My Lords, I thank the noble Lord, Lord Leong, for his answer, but I am, of course, disappointed. I must say to him that of course he could not repeat the argument about the impact assessment because it is manifestly inadequate and overreliant on the word “could”, which he just used again.
So it is with a sense of frustration that I close this debate on Amendment 262 because, let us be blunt, the Regulatory Policy Committee has already deemed the Government’s own analysis inadequate. It found that the assessment underpinning this Bill failed to consider important variables, lacked robust modelling of strike-related costs and omitted any real evaluation of how the repeal of the 2016 Act provisions might drive up the number of working days lost to industrial action. That is criticism born not of political bias but of technical expert judgment, but the Government persist in asserting that an independent stocktake of actual strike days would be superfluous.
During the Bill’s passage, no fewer than 160 government amendments were tabled on Report, some of the most consequential of which would fundamentally alter the trade union landscape: changes to ballot thresholds, as my noble friend Lord Fuller explained; adjustments to picketing rules; and alterations to facility time arrangements. Many came late, with scant time for meaningful consultation and no accompanying update to the impact assessment. In effect, we are being asked to sign off on a statute the final shape of which was revealed only in piecemeal fashion and for which no comprehensive evaluation has ever been produced. There is more flesh on the skeleton now, but it still makes for a pretty unsavoury sight.
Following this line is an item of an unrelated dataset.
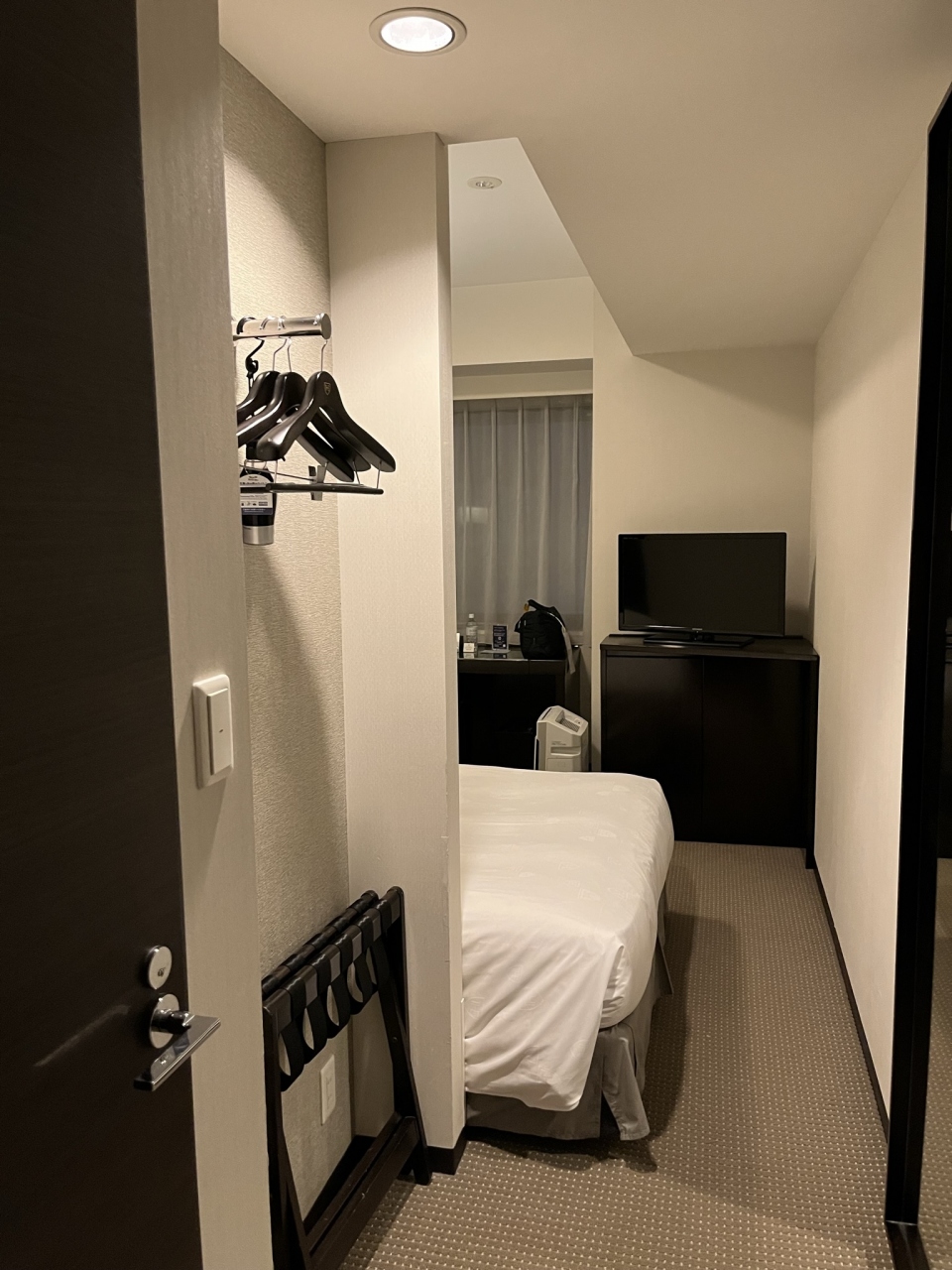 デスクがデスクっぽく存在するのが高評価です。大浴場(中浴場)と、部屋にはシャワーがあります。駅とウィンク愛知に近く、コンビニの上と立地はたいへん結構。朝食はあっさりでそれもまた仕事の時には良いかも。なぜか南米風の食事です。

The consequences of this are already evident. Businesses stand in limbo. They are unsure how to prepare—again, the lack of an implementation plan. HR directors, legal advisers and finance teams are all left guessing which rules will apply. If the Government can point to a single one who is not, could they please say so, because we have spoken to very many and cannot find a single one who is not left guessing? They require clarity, not uncertainty. They need to know, for instance, whether a union ballot will again require a 50% turnout, or whether the conduct of pickets will be governed by new or old prescriptions. In their absence, investment decisions are deferred, retention and, especially, recruitment strategies are on hold and the workforce, unsure of its rights and obligations, faces unnecessary anxiety.
To deny acceptance of this amendment is to deny the very notion that policy should be tested against outcomes and treats legislation as unchallengeable, rather than a living instrument whose impacts must be monitored, and it tells employers, workers and the public alike that we legislate in the dark. So I regret deeply that the Government have chosen to reject the amendment. Doing so signals a reluctance to subject themselves to the discipline of evidence, shirks the responsibility to measure the real-world consequences of their own handiwork, and turns a blind eye to the limbo in which businesses and the public languish. That is not acceptable. If the Government’s reforms truly will deliver better industrial relations, they should welcome the chance to prove it. If Ministers are as confident as they claim to be, let them fast-track the assessment. Let them demonstrate that strike days are falling, that workplaces are more harmonious and that public services are protected. For now, I beg leave to withdraw the amendment.